Payments technologies

Canadian Card Code of Conduct Conundrum

Implications for mobile payments

The Code of Conduct for the Credit and Debit Card Industry in Canada came into effect in mid-August, 2010. One of the key provisions of the Code, articulated in Policy Element 6, is that “Competing domestic applications from different networks shall not be offered on the same debit card”. Given that Canadian bank cards that currently have Interac’s ubiquitous Interac Direct Payment functionality predominate, it in effect prevents scheme debit applications (MasterCard and Visa debit) from “riding on the Interac rails”. While it would be easy to assume that the term ‘card’, which is not defined in the Code, would refer only to the traditional plastic card (magstripe or chip) that allows debit payments to be effected at a point-of-sale (physical or virtual), there is some confusion as to whether this could also apply to debit applications on mobile phones. In essence, it raises the question as to whether the mobile phone is a card or a wallet. Deeming a mobile phone to be a card would imply that the Code of Conduct also applies to debit payment applications on mobile devices. This would, in turn, prevent any competing debit payment applications from residing on the same phone, similar, for example, to preventing a consumer from having multiple debit cards in their wallet.

At first blush, it would seem absurd to deem that a mobile phone is a card, much as it would be absurd to deem a computer to be a word processor. Mobile phones, especially in the smartphone era, are multi-functional devices capable of executing many different types of applications and functions, from voice communications, to e-mail, to web access, to games, to music, and more recently, to payments. Payment cards, by contrast, are far simpler, and while they may support a number of applications, these are usually focused on payments and cash withdrawal, or some combination of payments/cash withdrawal and loyalty/rewards.

So, where the does the confusion originate? Clearly, there are strong divisions in the Canadian payments industry, and vested interests on different sides of the payments ecosystem could be either advantaged or disadvantaged depending on whether the mobile phone is, for regulatory or legislative purposes, deemed to be a wallet or a card. Lobbying has been aggressive and stentorian. The ‘phone is a card’ lobby appear to have the upper hand. The Payment Card Networks Act makes provision for the phone to be deemed a card, although it does not go so far as to actually specify it as such. It defines a payment card as follows:

“payment card” means a credit or debit card — or any other prescribed device — used to access a credit or debit account on terms specified by the issuer. It does not include a credit card issued for use only with the merchants identified on the card.

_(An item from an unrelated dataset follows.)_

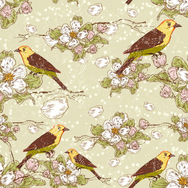 vector seamless floral background with birds

The addition of the qualifier “or any other prescribed device” opens the door for regulators to deem any device used for debit or credit payments, including mobile phones, to be a card.

The implications of this for mobile debit payments are significant. Consumers would be unwilling to have multiple phones simply to be able to use different domestic debit payment applications on their phones. It would force selection of one scheme over another, and hence limit consumer choice at a transactional level. The first debit payment application on the mobile phone would have an advantage over others because it would have to be deleted in order to install a competing application. It would reduce competition in the domestic debit payments space, and it would almost certainly lead to a lower adoption rate. Enforcement would be impossible. Furthermore, it would by no means represent technologically neutral regulation. It would be difficult to uncover a grain of sanity in such a decision, should it ever be made.


Top Ten Developments in the Canadian Payments Industry in 2010

Over the past year the Canadian payments environment has undergone a period of dramatic change. Competition has intensified across most major segments of the industry, EMV migration has gained traction, technological innovation has resulted in new payment mechanisms being developed and rolled out, and regulatory scrutiny of the industry has increased. Here is our assessment of the top ten developments in the Canadian Payments Industry in 2010.

  1. Establishment of a ‘Voluntary’ Code of Conduct for the Credit and Debit Card Industry in Canada
    The final form of the voluntary Code of Conduct was tabled by the Minister of Finance, Jim Flaherty, on May 18, 2010, after more than a year of intense lobbying by the retail sector and other key players in the Canadian payments ecosystem. The major financial institutions involved in the Canadian payments industry were quick to publicly adopt the voluntary code for fear of it becoming compulsory, and to head off the possibility of more stringent direct regulation. Provision 6 of the Code prevents co-resident competing applications on the same debit card. One of the most important impacts of the Code has been to delay the entry and rollout of scheme debit (Visa and MasterCard) into the Canadian market, thereby giving Interac an extended period of monopoly protection.  The Code of Conduct came into effect in mid-August, 2010. It applies to payment card networks (i.e. credit and debit card networks), card issuers and acquirers.  The Financial Consumer Agency of Canada (FCAC) has responsibility for overseeing compliance with the Code.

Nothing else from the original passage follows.